Гуляли Рождество Христово, святки, Крещение, масленицу, и, наконец, наступал великий пост. Кончались пиры, замолкали дудки, рожки, свирели, ложки, барабаны, умолкали хохот, веселье, смех, пьяные переклички, перепалки и перебранки, охальные выкрики, шумные застолья, где не столько ели, сколько изводили понапрасну горы снеди, отнятой у бедняков, голодающих и нищих.

Весело прожигал свое богатырское здоровье молодой царь-батюшка, но много уважаемых людей занемогло и померло во время тех пиров. Но праздник жизни продолжался, пришел черед Немецкой слободе.

Царь теперь въезжал в Немецкую слободу полновластным хозяином и соответственно и вел себя. Туда перемещались вакханалии в их первоначальном значении. Петруша, Лефорт, Сашка Меншиков, в меньшей степени Борис Голицын стали завсегдатаями аустерии Монса, которого сие поначалу зело радовало, потому как намного увеличивало выручку заведения.

Но высокородная кампания стала вести себя так шумно, разнузданно и бесцеремонно, что многие постоянные посетители перестали посещать старого, доброго Иоганна. Дела его пошли вниз, и он внезапно умер, оставив семью с обременительными долгами. Немалую роль в сем печальном событии сыграло то обстоятельство, что Петруша стал нагло приставать к его дочери Анхен.
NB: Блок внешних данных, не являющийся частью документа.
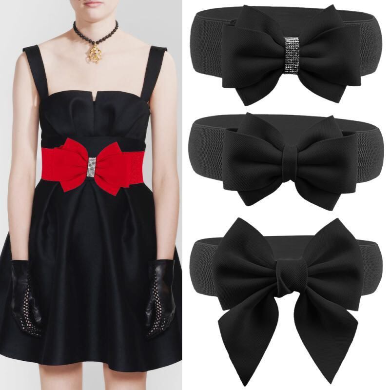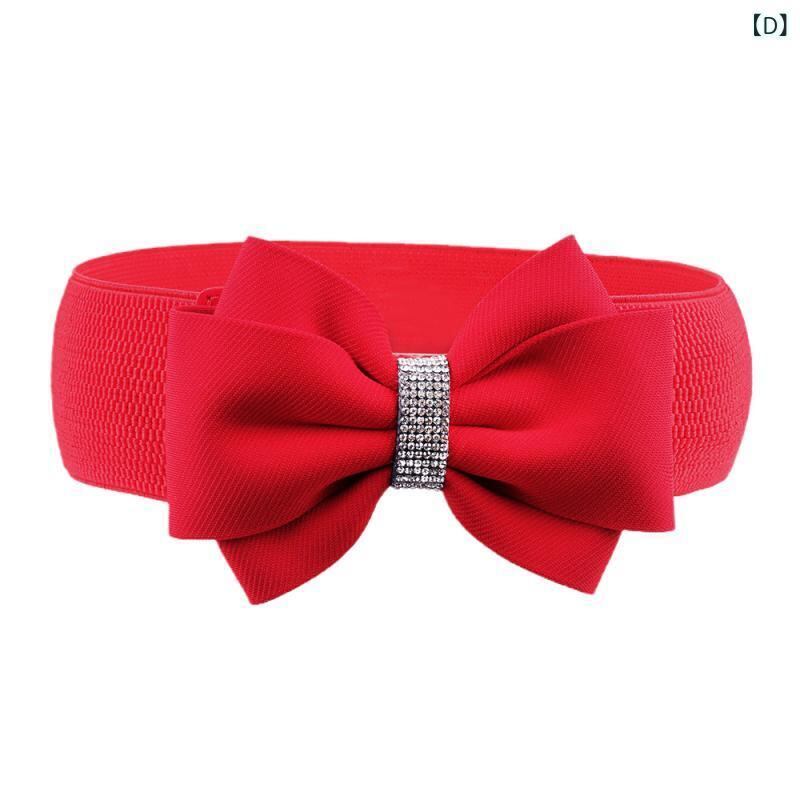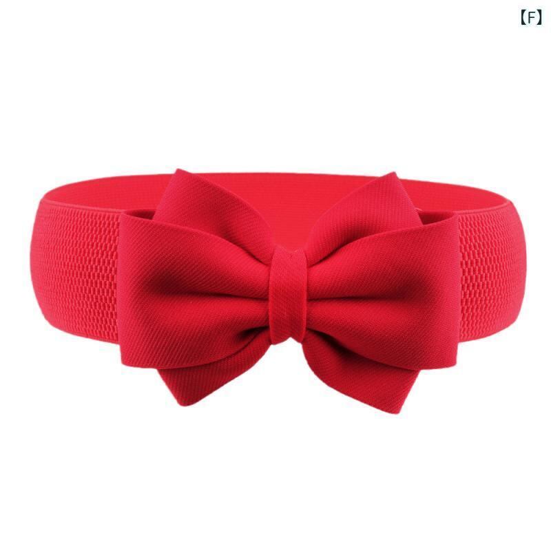ベルト レディース 女性用 リボン装飾 ラインストーン 幅広 ウエストマーク サッシュベルト 伸縮性 ストレッチ スカート ドレス 万能 きれいめ フェミニン 大きいサイズ レッド 赤色 布製 スナップボタン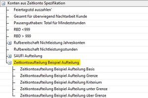 Zeitkonto Spezifikationen sind Steuerdaten um kundenspezifische Berechnungen zu definieren. Diese sind in der Zeitkontogruppe Konten aus Zeitkontosammlung/Spezifikation verfügbar.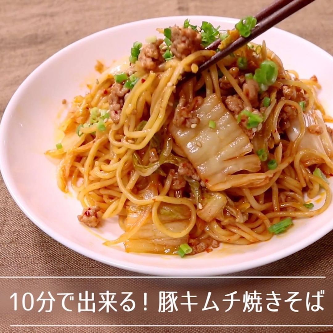 2. 豚ひき肉の色が変わったら1にキムチを加え、鶏ガラスープの素とめんつゆを加え中火で炒め合わせます。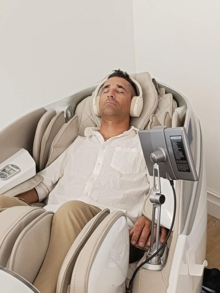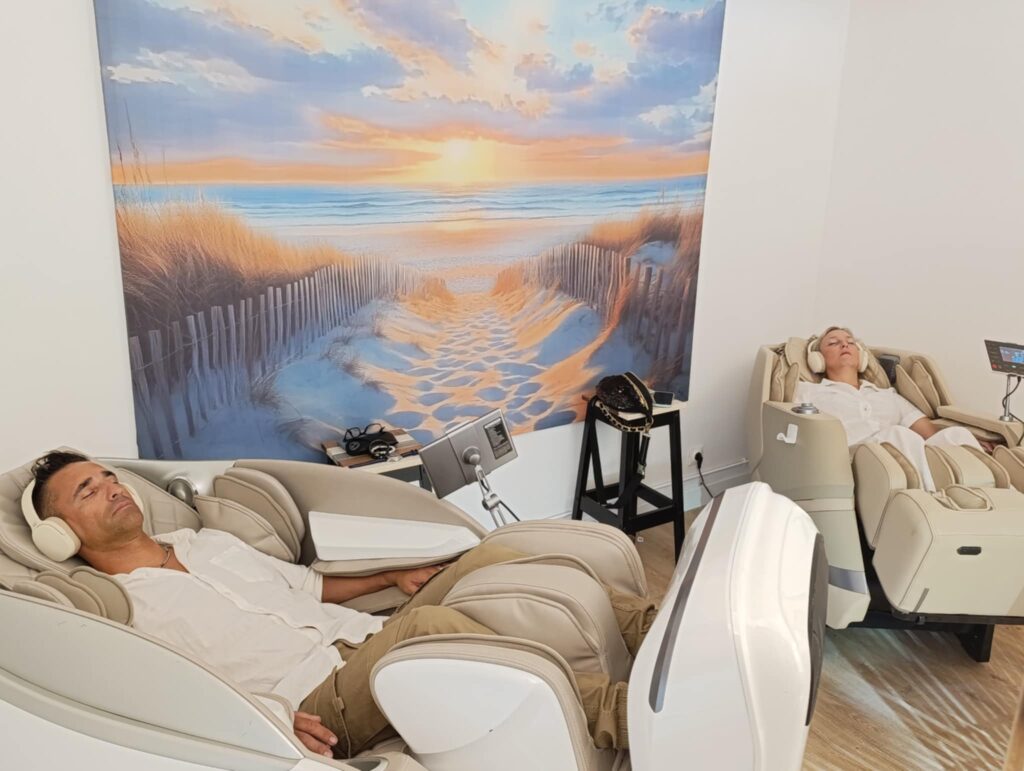 Nos fauteuils de massage s’inspirent du savoir-faire japonais, reconnu pour son approche précise et respectueuse du corps. Chaque fauteuil combine différentes techniques traditionnelles de massages pour vous offrir une relaxation complète et naturelle : pétrissages, shiatsu, pression d’air, étirements et vibrations, visant à détendre en profondeur les muscles et apaiser les tensions. C’est cette combinaison de technologie et de confort absolu qui nous amène à parler de « Massage en Apesanteur », une parenthèse douce et enveloppante, qui agit aussi bien sur le corps que sur l’esprit. Une expérience immersive accessible à tous, lancer à la Palmyre puis étendu à Royan après les retours pleinement satisfaisants.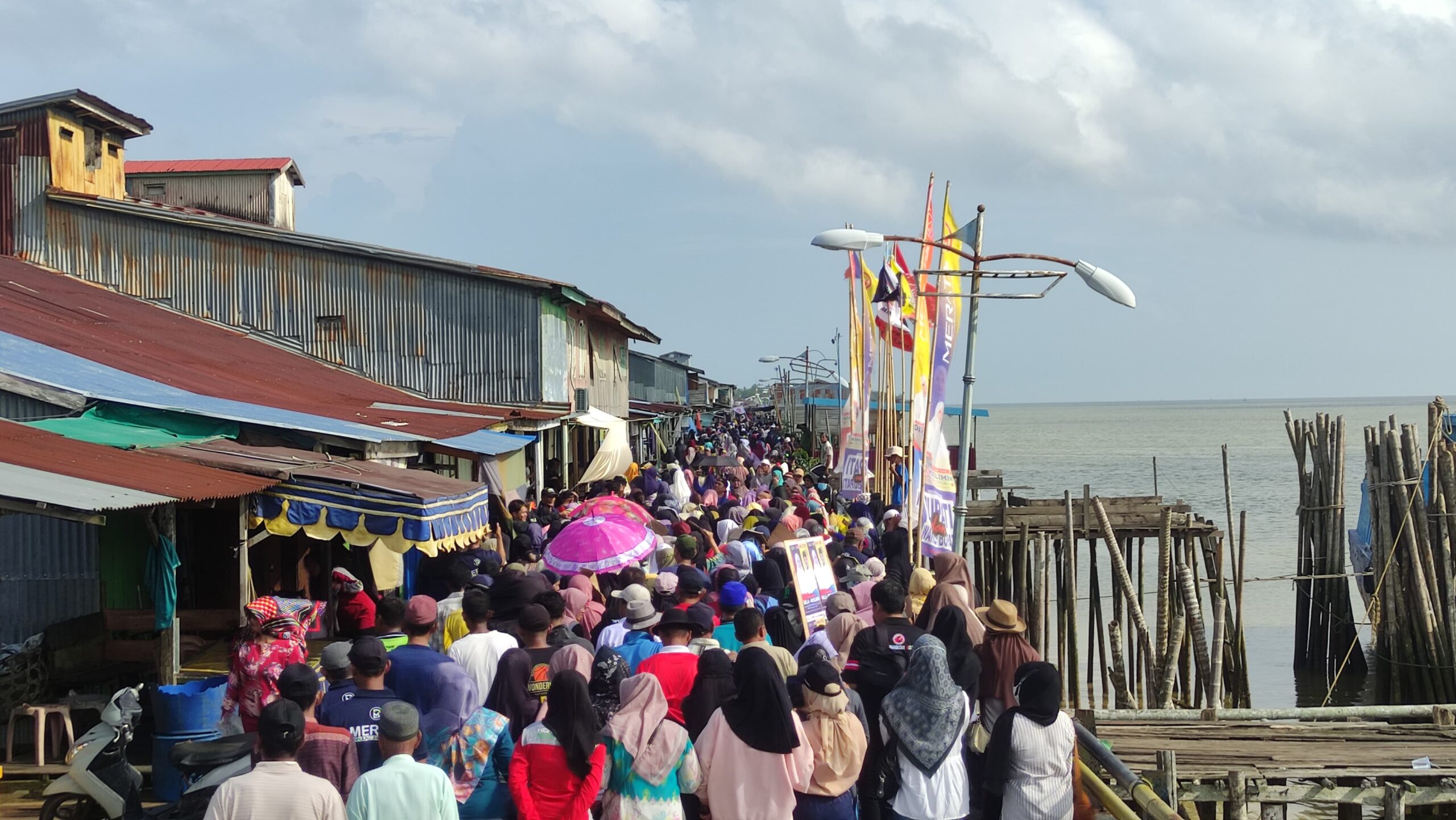 Berkumpul bersama ribuan masyarakat sejak pukul 07:30 WIB, pasangan Dillah-Muslimin berjalan penuh suka ria dari rute LLASDP Kuala Jambi menuju titik finish Rest Area Tanjung Solok. Tampak masyarakat sangat antusias dengan memadati hampir seluruh sisi jalan. Tumpah ruah masyarakat seakan tak terbendung saat musik penyemangat di nyalakan, dan di iringi dengan teriakan masa “Merata 2024 Menang”.

Любящий отец ничего не мог поделать со всемогущим кавалером, таил свою боль в себе, оттого, видимо, и заболел. Петруша сменил его на посту главы семейства, заправляя всем в доме. Он окончательно разогнал старую компанию Иоганна Монса, выплатил долги, заставил всех думать, что Анна Монс безумно в него влюблена. Вдова Матильда, беззащитная женщина, покорно и молча наблюдала, как рушится ее гнездышко, так уютно и любовно свитое с ее Иоганном.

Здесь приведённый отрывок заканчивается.